American (1928 – 1987)
The American Pop-Artist Andy Warhol was born Andrew Warhola in Pittsburgh, Pennsylvania on August 6, 1928 as the son of Czechoslovakian immigrants. At first he does an apprenticeship as a window dresser before he studies art history, pictorial design, sociology and psychology at the Carnegie Institute of Technology in Pittsburgh from 1945-1949. Afterwards he moves to New York where he calls himself Andy Warhol.
Up until 1960 he works as a free-lance advertising designer for fashion magazines, as illustrator and also as window dresser. The Art Directors Club awards him two medals for his design of newspaper ads in 1952 and 1957. Andy Warhols first exhibition "Fifteen Drawings Based on the Writings of Truman Capote" takes places in the Hugo Gallery in 1952.

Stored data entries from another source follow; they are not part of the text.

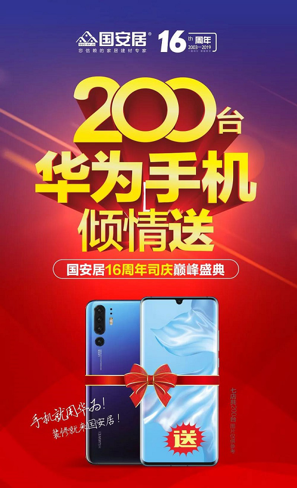 時(shí)光有限,堅(jiān)持無(wú)限,國(guó)安居16年里始終如一的堅(jiān)持做著一件事情:顧客至上,服務(wù)第一,誠(chéng)信為本!為回報(bào)廣大家居消費(fèi)者一直的厚愛(ài),國(guó)安居深惠七店在此16周年之際,攜手旗下1000余家一線大牌舉行“16周年司慶巔峰盛惠,200臺(tái)華為手機(jī)傾情送”大型促銷活動(dòng)。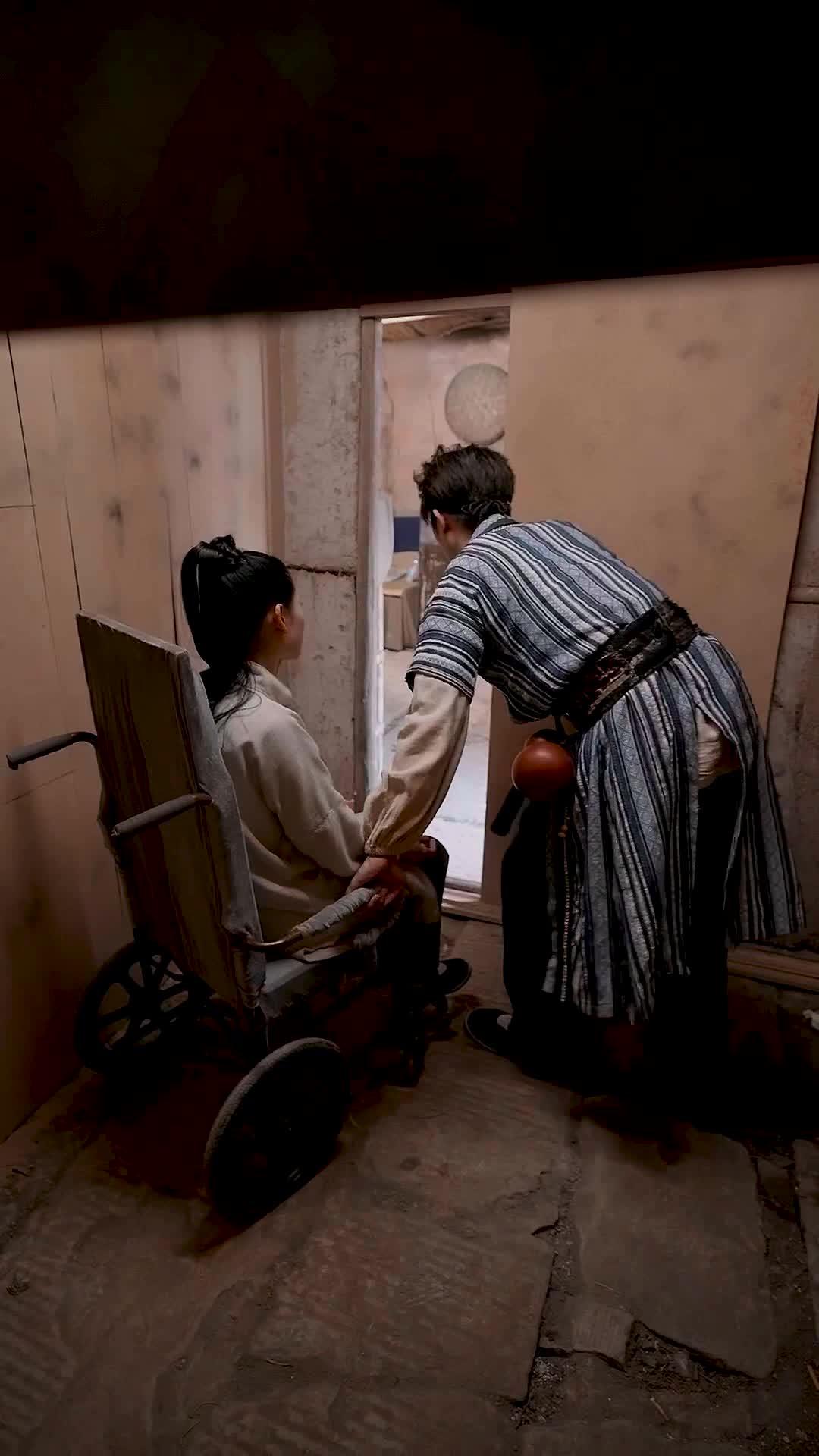 There’s a particular kind of dread that settles in your chest when you realize the person kneeling beside you isn’t trying to help—you’re the puzzle they’re trying to solve. That’s the atmosphere in the opening minutes of *Iron Fist, Blossoming Heart*, where Lin Mei sits immobilized in a wheelchair that feels less like aid and more like a cage disguised as comfort. The walls around her are unfinished plaster, stained with age and something darker—maybe smoke, maybe blood, maybe just time’s slow erosion. Kael, dressed in layered textiles that whisper of nomadic roots and forgotten kingdoms, moves with the precision of a surgeon preparing for incision. His hands hover near the door, not to open it, but to *listen* to it. To feel the vibrations of footsteps approaching from the other side. He knows they’re coming. He’s been waiting. And Lin Mei? She watches him, her expression unreadable—not because she’s numb, but because she’s calculating. Every blink is a decision. Every intake of breath is a rehearsal.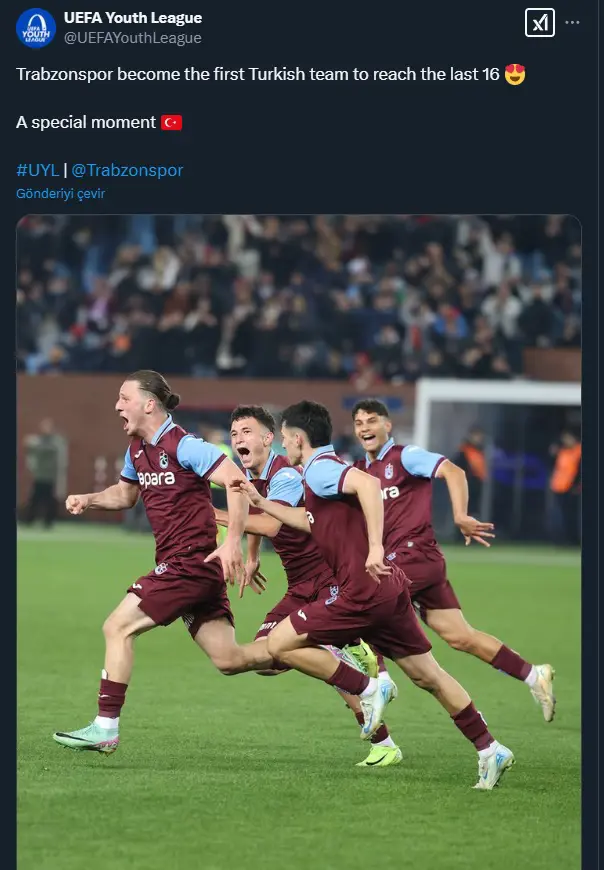 UEFA Gençlik Ligi hesabı, "Trabzonspor, son 16'ya ulaşan ilk Türk takımı oldu. Özel bir an" ifadelerini kullandı.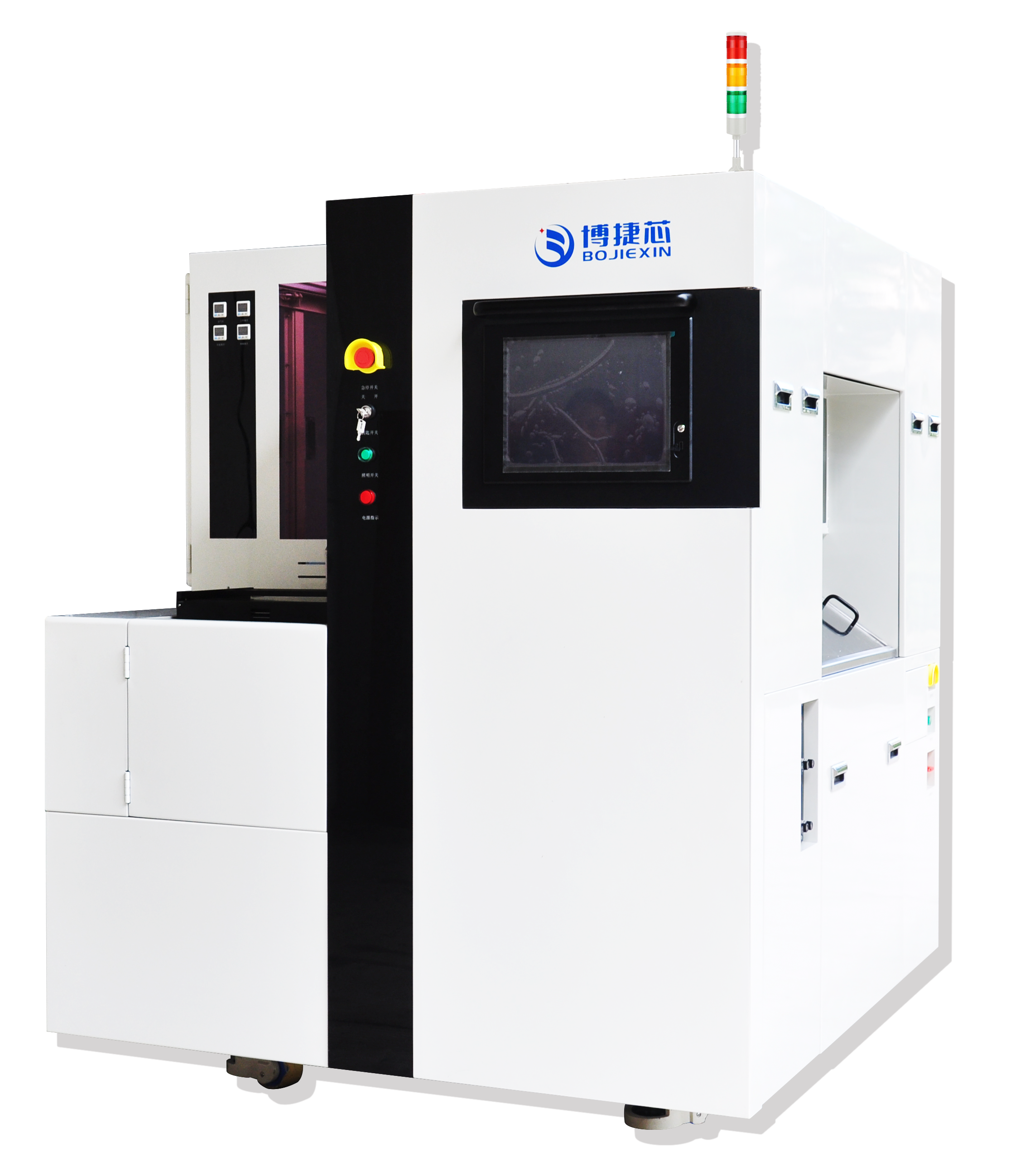 博捷芯BJX3666A机型在Mini/Micro LED领域PCB加工中优势显著,其定位精度达0.0001mm,切割精度±1μm,融合AI算法与机器视觉系统,可实现切割路径实时校准、刀破损检测及自动修磨法兰功能,通过优化切割参数将良率从99.2%提升至99.8%,有效降低单位制造成本。在5G通信、人工智能设备的PCB加工中,该机型与BJX6366的微米级精度的精准配合,可完美满足细间距线路、多层堆叠结构的切割需求,助力电子封装技术向更高集成度演进。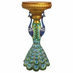 A pack of peacocks gather and display their fine plumage in the global-inspired design of the Design Toscano Great Ruler Peacock Sculptural Pedestal. The sculptural table is cast out of resin, making it resistant to wear but lightweight. Skilled artisans paint the entire piece for a vibrant, highly detailed finish. You can display a sculpture, vase, or potted plant atop the pedestal or use it to hold your drink beside your favorite chair.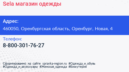 Sela, магазин одежды по адресу 460050, Оренбургская область, Оренбург, Новая, 4 в дальнейшем Организация, размещена в следующих категориях:

The first series of "Campbell's soups" and "Coca Cola bottles" is made in 1962 as well as silk-screens with a dollar bill as the motif. His studio, where he works together with many friends and assistants, is called the "Factory". His art is coined by the usage of popular motifs or symbols from everyday American culture, he also employs mechanical-serial production techniques, a method that had always been regarded as inartistic.
Andy Warhol partakes in the exhibition "The New Realists" in New York in 1962. The same year his choice of motif starts to get gloomier. He creates series with images of death and disaster. He depicts airplane crashes, accidents, crime, nuclear bomb explosions and the like in screen printing technique, consciously choosing the bad image quality of the newspaper print. Another way of expressing criticism for consumer culture are his cardboard and wooden sculptures that exactly imitate commercial packages. His works have a major impact on Pop-Art.

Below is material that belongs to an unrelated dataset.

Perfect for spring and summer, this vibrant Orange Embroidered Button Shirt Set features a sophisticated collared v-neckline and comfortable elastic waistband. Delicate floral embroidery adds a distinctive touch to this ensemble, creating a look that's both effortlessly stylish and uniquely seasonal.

In the 1960s Andy Warhol begins to deal with the medium film. He develops his own esthetic by means of simple techniques, long, static shots and doing without cut. The silent films "Sleep", "Kiss" and "Eat" were made in 1963 and "Empire" in 1964. The following films are also shown at the Cannes Festival, such as "Chelsea Girl" from 1966. He also works on shows for nightclub gigs with the rock band "Velvet Underground" as of 1968.
In den 1970s Andy Warhol conveys Polaroid photos of famous people onto canvas by means of the screen printing technique, among them are portraits of "Elvis Presley" (1964), "Jackie Kennedy" (1965), "Marilyn Monroe" (1967) and "Mao Tse Tung" (1972).
Andy Warhol is shot and severely injured by Valerie Solanas in 1968. He works on projects together with artists such as Jean-Michel Basquiat and Francesco Clemente in 1984.
Andy Warhol dies in New York on February 22, 1987.